Work task ▸ Retype, exactly and completely, the listing that comes next, skipping its images.

Given material ▸
──────────────────────────────

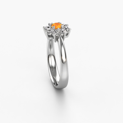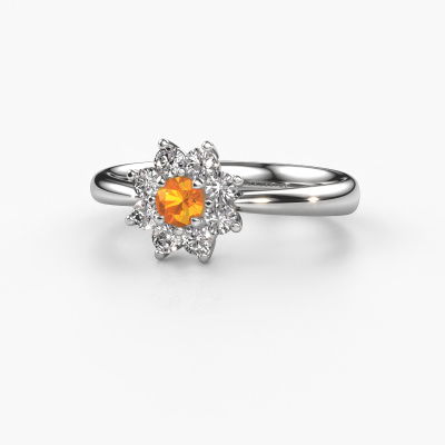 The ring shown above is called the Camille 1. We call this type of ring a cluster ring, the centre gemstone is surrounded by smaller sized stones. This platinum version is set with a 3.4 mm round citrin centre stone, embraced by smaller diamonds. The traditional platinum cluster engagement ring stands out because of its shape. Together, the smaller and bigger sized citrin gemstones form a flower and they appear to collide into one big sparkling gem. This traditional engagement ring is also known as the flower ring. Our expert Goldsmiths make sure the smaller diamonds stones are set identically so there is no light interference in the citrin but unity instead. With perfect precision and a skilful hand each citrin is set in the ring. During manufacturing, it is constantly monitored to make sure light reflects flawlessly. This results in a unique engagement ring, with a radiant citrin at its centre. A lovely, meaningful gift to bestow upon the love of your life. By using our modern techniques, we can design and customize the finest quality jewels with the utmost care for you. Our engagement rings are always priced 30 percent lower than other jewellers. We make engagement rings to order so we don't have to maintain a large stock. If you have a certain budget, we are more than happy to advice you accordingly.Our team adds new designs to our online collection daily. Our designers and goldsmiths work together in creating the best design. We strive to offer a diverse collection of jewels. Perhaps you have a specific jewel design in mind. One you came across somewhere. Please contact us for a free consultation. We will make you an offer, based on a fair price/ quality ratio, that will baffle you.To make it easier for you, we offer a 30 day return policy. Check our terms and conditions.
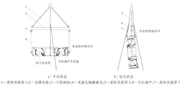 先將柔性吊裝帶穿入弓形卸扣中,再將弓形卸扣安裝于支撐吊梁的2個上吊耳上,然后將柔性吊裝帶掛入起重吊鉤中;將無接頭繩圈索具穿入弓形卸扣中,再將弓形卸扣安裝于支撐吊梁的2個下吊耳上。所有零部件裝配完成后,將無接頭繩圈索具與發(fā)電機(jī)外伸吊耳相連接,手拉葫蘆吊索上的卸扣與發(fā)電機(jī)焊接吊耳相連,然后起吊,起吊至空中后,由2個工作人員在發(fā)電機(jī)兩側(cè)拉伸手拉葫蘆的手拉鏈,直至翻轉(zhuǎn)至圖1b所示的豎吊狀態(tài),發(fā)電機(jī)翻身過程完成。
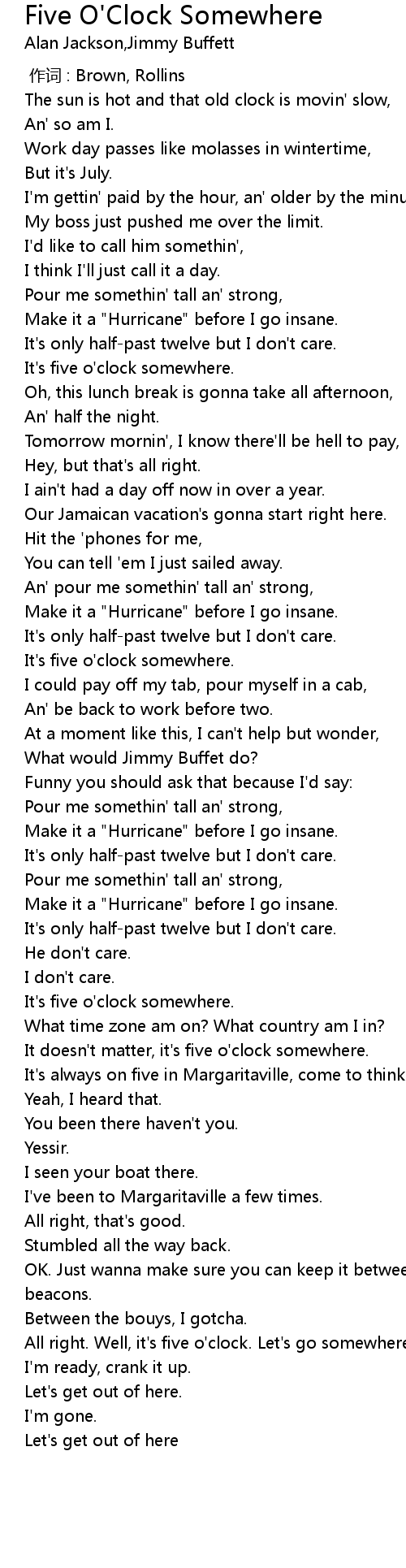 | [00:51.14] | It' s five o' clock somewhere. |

──────────────────────────────

Solution to the problem ▸
 The ring shown above is called the Camille 1. We call this type of ring a cluster ring, the centre gemstone is surrounded by smaller sized stones. This platinum version is set with a 3.4 mm round citrin centre stone, embraced by smaller diamonds. The traditional platinum cluster engagement ring stands out because of its shape. Together, the smaller and bigger sized citrin gemstones form a flower and they appear to collide into one big sparkling gem. This traditional engagement ring is also known as the flower ring. Our expert Goldsmiths make sure the smaller diamonds stones are set identically so there is no light interference in the citrin but unity instead. With perfect precision and a skilful hand each citrin is set in the ring. During manufacturing, it is constantly monitored to make sure light reflects flawlessly. This results in a unique engagement ring, with a radiant citrin at its centre. A lovely, meaningful gift to bestow upon the love of your life. By using our modern techniques, we can design and customize the finest quality jewels with the utmost care for you. Our engagement rings are always priced 30 percent lower than other jewellers. We make engagement rings to order so we don't have to maintain a large stock. If you have a certain budget, we are more than happy to advice you accordingly.Our team adds new designs to our online collection daily. Our designers and goldsmiths work together in creating the best design. We strive to offer a diverse collection of jewels. Perhaps you have a specific jewel design in mind. One you came across somewhere. Please contact us for a free consultation. We will make you an offer, based on a fair price/ quality ratio, that will baffle you.To make it easier for you, we offer a 30 day return policy. Check our terms and conditions.
 先將柔性吊裝帶穿入弓形卸扣中,再將弓形卸扣安裝于支撐吊梁的2個上吊耳上,然后將柔性吊裝帶掛入起重吊鉤中;將無接頭繩圈索具穿入弓形卸扣中,再將弓形卸扣安裝于支撐吊梁的2個下吊耳上。所有零部件裝配完成后,將無接頭繩圈索具與發(fā)電機(jī)外伸吊耳相連接,手拉葫蘆吊索上的卸扣與發(fā)電機(jī)焊接吊耳相連,然后起吊,起吊至空中后,由2個工作人員在發(fā)電機(jī)兩側(cè)拉伸手拉葫蘆的手拉鏈,直至翻轉(zhuǎn)至圖1b所示的豎吊狀態(tài),發(fā)電機(jī)翻身過程完成。
 | [00:51.14] | It' s five o' clock somewhere. |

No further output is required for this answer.